◆ **What to work on**: Transcribe exactly, please, the lines from the one containing "Mexen Rivel badkamerkast" through the end of the records below, and leave out the pictures.

─── Data shown ───

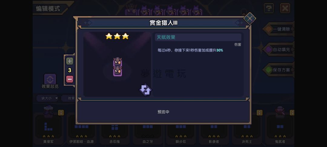 正文摘要:《我的勇者外傳》木忍149對王大秘境 快速閱讀精華 🚀 核心天賦:選擇「賞金獵人」,利用每6秒觸發的30%傷害加成,大幅提升輸出。⏰ 關鍵操作時機: 普攻節奏:在攻速達2.33以上、疊滿10層「青忍傀」後,木忍約每5.7秒能完成兩輪普攻,恰好能銜接「賞金獵人」的觸發時機。技能銜接:在施放「山海復甦」時會短暫中斷普攻,讓兩輪普攻的時間更接近6秒,精準吃到「賞金獵人」加成。 💡 實戰技巧: 開局捨棄:第一次「疾跑」爆發可提前使用,雖然初期傷害較低,但能讓後續爆發更穩定吃到「賞金獵人」加成。魂系與血瓶:在第一次爆發後使用「魂系」,讓後續三次爆發都能吃到爆擊傷害與屬性傷害加成。第二次「血瓶」則配合「卡26層極」在Boss破盾時施放。即時調整:隨時注意「增益狀態欄」,若爆發時機與「賞金獵人」錯開,可短暫停止普攻等待CD,或重新開始挑戰。 ⚔️ 魂寵與魂卡:文章中展示的魂寵與魂卡配置僅供參考,並非最佳解,但提供了一種可行的戰力配置方向。 本文章目錄.article-toc { border: 1px solid #ddd; padding: 15px; background: #f9f9f9; border-radius: 6px; margin: 20px 0; width: 95%;}.toc-title { /* --- 以下是合併進來的 H2 樣式 --- */ font-size: 1.25em; /* 125% */ border-left: 5px solid #2A98DA; border-radius: 2px; padding: 5px 0px 5px 10px; font-weight: bold; margin: 0 0 15px 0; /* 調整了 margin,只留下方 15px */ color: #333; line-height: 1.5; background-color: #f8f8f8; /* --- 樣式合併結束 --- */}.toc-list { list-style: none; padding-left: 0;}.toc-list li { margin: 8px 0;}.toc-list a { color: #2A98DA; text-decoration: none;}.toc-list a:hover { text-decoration: underline;}.back-to-top { display: block; margin-top: 10px; font-size: 0.9em; color: #666;}前言:木忍「賞金獵人」天賦心得分享document.currentScript.previousElementSibling.href = location.href.split('#')[0] + '#intro'; 通關數據一覽document.currentScript.previousElementSibling.href = location.href.split('#')[0] + '#pass_panel'; 天賦配置document.currentScript.previousElementSibling.href = location.href.split('#')[0] + '#talent'; 魂卡搭配document.currentScript.previousElementSibling.href = location.href.split('#')[0] + '#soul_card'; 魂寵搭配document.currentScript.previousElementSibling.href = location.href.split('#')[0] + '#pet'; 魂系與魂珠document.currentScript.previousElementSibling.href = location.href.split('#')[0] + '#soul_system'; 寶石等級document.currentScript.previousElementSibling.href = location.href.split('#')[0] + '#gem_level'; 操作訣竅整理document.currentScript.previousElementSibling.href = location.href.split('#')[0] + '#gameplay_analysis'; 作者聲明document.currentScript.previousElementSibling.href = location.href.split('#')[0] + '#disclaimer'; 我的勇者外傳_木忍149對王大秘境 常見問題Q&Adocument.currentScript.previousElementSibling.href = location.href.split('#')[0] + '#faq'; 前言:木忍「賞金獵人」天賦心得分享 哈囉,各位冒險者!這次要跟大家分享的是《我的勇者外傳》中,木忍攜帶「賞金獵人」天賦,挑戰大秘境的實戰攻略!希望能幫助到想突破瓶頸的玩家們。 為什麼選擇「賞金獵人」天賦? 寶石等級 本次攻略使用的寶石等級為特定等級,主要採用6水壓的畢業配置,這裡就不多做展示囉。 操作訣竅整理 這套「賞金獵人」木忍的實戰操作需要一些精準的時機掌握,請各位玩家一步步跟著練習: 入場準備: 進入房間後,先等待「賞金獵人」的標誌出現。 當標誌出現後,心裡默數到第三秒,立刻重新開始下一場(這樣可以確保「賞金獵人」在開場就進入冷卻,方便後續循環)。 開局爆發: 重開後,立刻點擊「疾跑」和「山海復甦」。 接著馬上施放「極易雷動」和「亂花」。 「亂花」需要持續地開啟與關閉,以便穩定維持「青忍傀」的層數。 上述操作完成後,立即銜接普攻,所有動作盡量要快,確保技能連貫。 魂系與血瓶時機: 等到第一次爆發(即開局施放的技能)打出去後,再使用「魂系」。這樣可以讓接下來的三次爆發都能吃到「小莫魂系」提供的爆擊傷害與屬性傷害加成。 在第二次爆發前,同時使用「魂力」和「血瓶」。 第二次「血瓶」的施放時機,建議採用「卡26層極」的方法,這樣正好可以在Boss被破盾時,同時吃到「血瓶」和「疾跑」的增益效果,打出最大傷害。 戰鬥中調整: 戰鬥期間,請隨時留意螢幕上的「增益狀態欄」。 如果你發現爆發的時間提早於「賞金獵人」的觸發時機,可以考慮短時間內中斷普攻,稍微等待「賞金獵人」的冷卻時間。 如果爆發時間晚於「賞金獵人」,且延遲時間較長,建議可以考慮重新開始挑戰。 要是只差零點幾秒,影響不大,可以繼續普攻,後續的爆發通常能趕上「賞金獵人」的節奏。 作者聲明 最後要特別強調,這個打法不一定是最完美的解法,尤其它並非競速型打法的最佳選擇。這份攻略主要是希望能提供一個上限較高、適合剛好在及格線徘徊的玩家一個新的思路。打法或許還有改進的空間,非常歡迎各位玩家在評論區熱烈討論,分享你們的寶貴意見! 另外,更詳細的一圖流攻略和競速向攻略,建議大家可以等待彼方大佬分享。本攻略中展示的魂寵、魂卡等配置並非最佳解,特別是魂寵部分可能還有提升空間,僅作為個人練度展示,給大家一個參考方向。 《我的勇者外傳》木忍149對王大秘境 重點回顧 選擇「賞金獵人」天賦,是為了最大化稀有的傷害加成效果。透過精準掌握木忍普攻節奏與技能時機,將爆發完美配合「賞金獵人」的6秒CD。開局犧牲第一次爆發,是
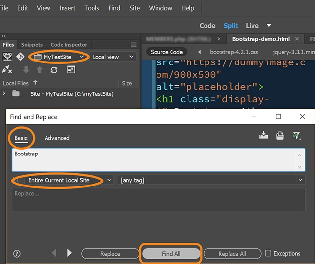 - I open Dreamweaver, and use the feature for the whole local site.
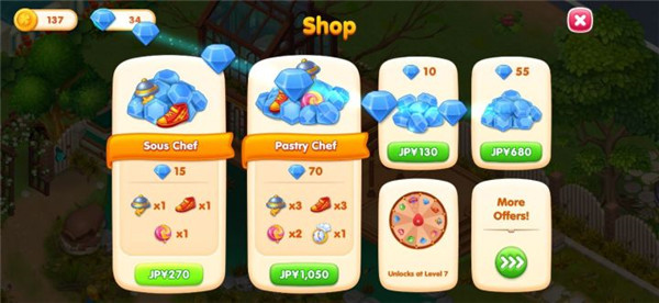 4、如果大家想要购买各种资源来提升餐厅等级,可以通过商城,直接购买各种礼包获得。
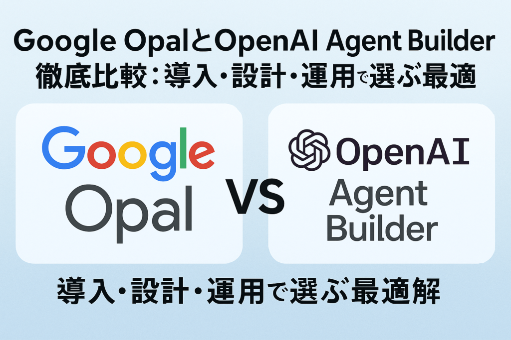 AINOW(エーアイナウ)編集部です。2026年3月時点の情報をもとに、Googleのワークフローサービス「Opal」と、OpenAIのエージェント構築基盤「Agent Builder」の違いや特徴、導入時のポイントを詳しく解説します。この記事では、要件定義から運用、セキュリティ、費用対効果まで、現場で実際に求められる観点を整理し、導入の成功例や実務での注意点、さらには具体的なユースケースも交えて説明します。
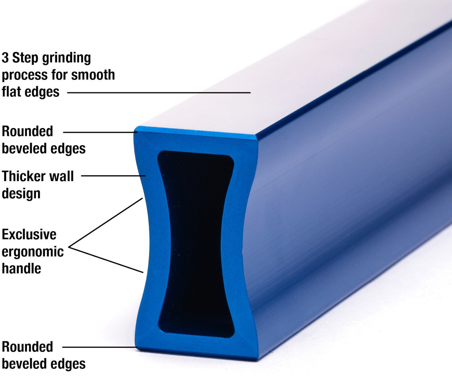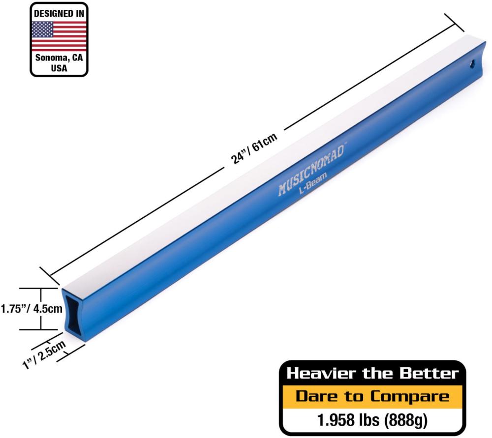 Att slipa band har aldrig varit enklare än nu, med Music Nomads skena för bandslipning så blir jobbet mycket lättare. MN812 har en längd av 24" (61cm) anpassad för elbas. Skenan är formad så den är lätta att greppa så att man är stadig på handen när man jobbar med banden. Godset i skenan är kraftigt men har en i hålighet vilket gör den lätt men ändå stabil samtidigt som ytterkanterna är avfasade för att undvika att man slår i eller på annat sätt skadar banden. Kanske viktigast är att sidorna man slipar med är utformade på ett sådant sätt så slipningen blir väldigt precis, en noggranhet på +/-0,39 mm per 30 cm. Precis som vanliga verktyg har MN812 ett hål så den är enkelt att hänga upp på verktygstavlan, dessutom ingår 3 stycken sjävhäftande slippapper (2 x P240, 1 x P400).
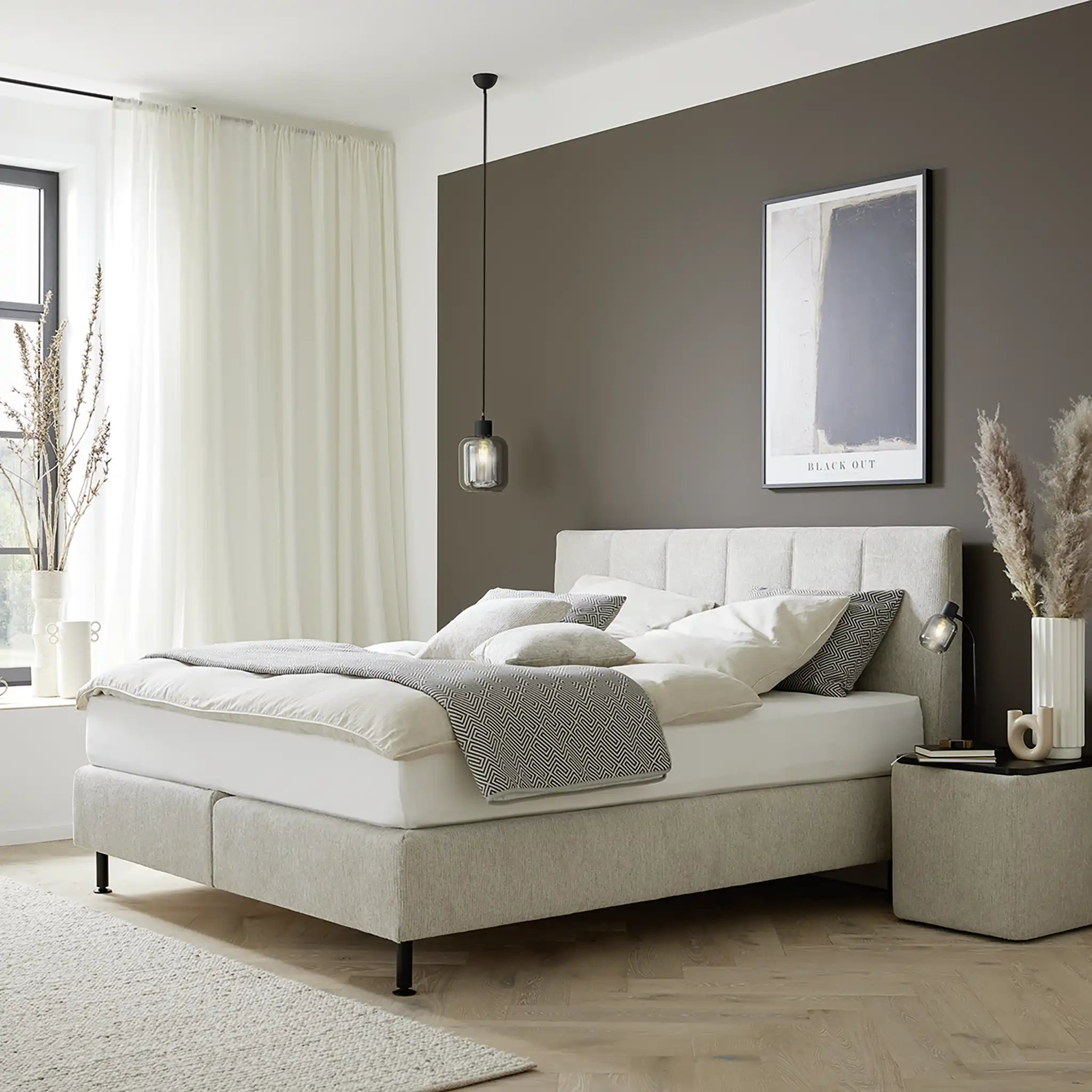 Bezug: Stoff Gomez, Fuß: Quadra schwarz, H: ca. 10 cm, Unterbau belüftet, 1 Taschenfederkern-Matratze ca. 140x200 cm, H: ca. 20 cm, inkl. Topper Schaum, H: ca. 6 cm, Kopfteil: abgesteppt. Maße: Liegefläche ca. 140x200 cm. Gegen geringen Mehrpreis: Bettzeug.
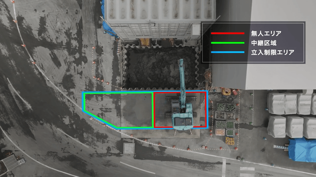 国土交通省の「自動施工における安全ルールVer.1.0(注4)」に沿ってリスクアセスメントを実施し、無人エリアや中継エリア、立ち入り禁止エリアなどを設定しました。無人エリアでは、「K-DIVE(R)」による遠隔操作と自動運転を組み合わせて無人作業を実現させました。
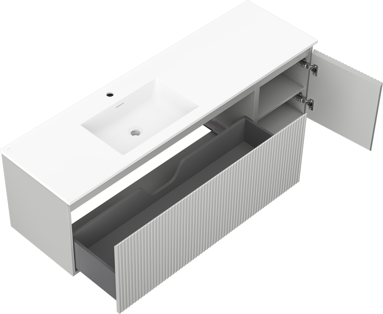 Mexen Rivel badkamerkast 160 cm met Otis wastafel links, 1S, 1D, geribbeld, grijs mat/wit mat - 91A23-16047-3-BBFF62-W18L01
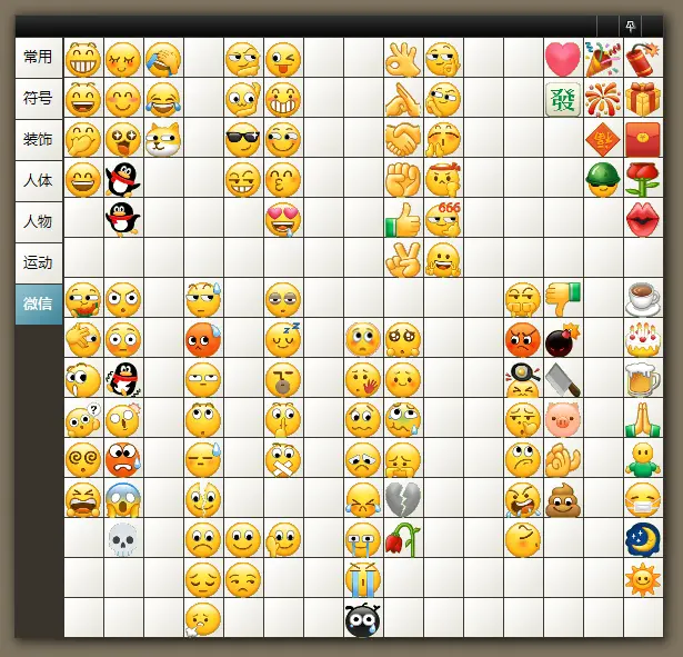 另外我还添加了一个微信表情界面,只适配微信聊天情境,你可以根据自己喜好重新排布,但不要删除(因为这是手工适配的,无法通过双击右键方法添加)

───

◆ **Result below**:
 Mexen Rivel badkamerkast 160 cm met Otis wastafel links, 1S, 1D, geribbeld, grijs mat/wit mat - 91A23-16047-3-BBFF62-W18L01
 另外我还添加了一个微信表情界面,只适配微信聊天情境,你可以根据自己喜好重新排布,但不要删除(因为这是手工适配的,无法通过双击右键方法添加)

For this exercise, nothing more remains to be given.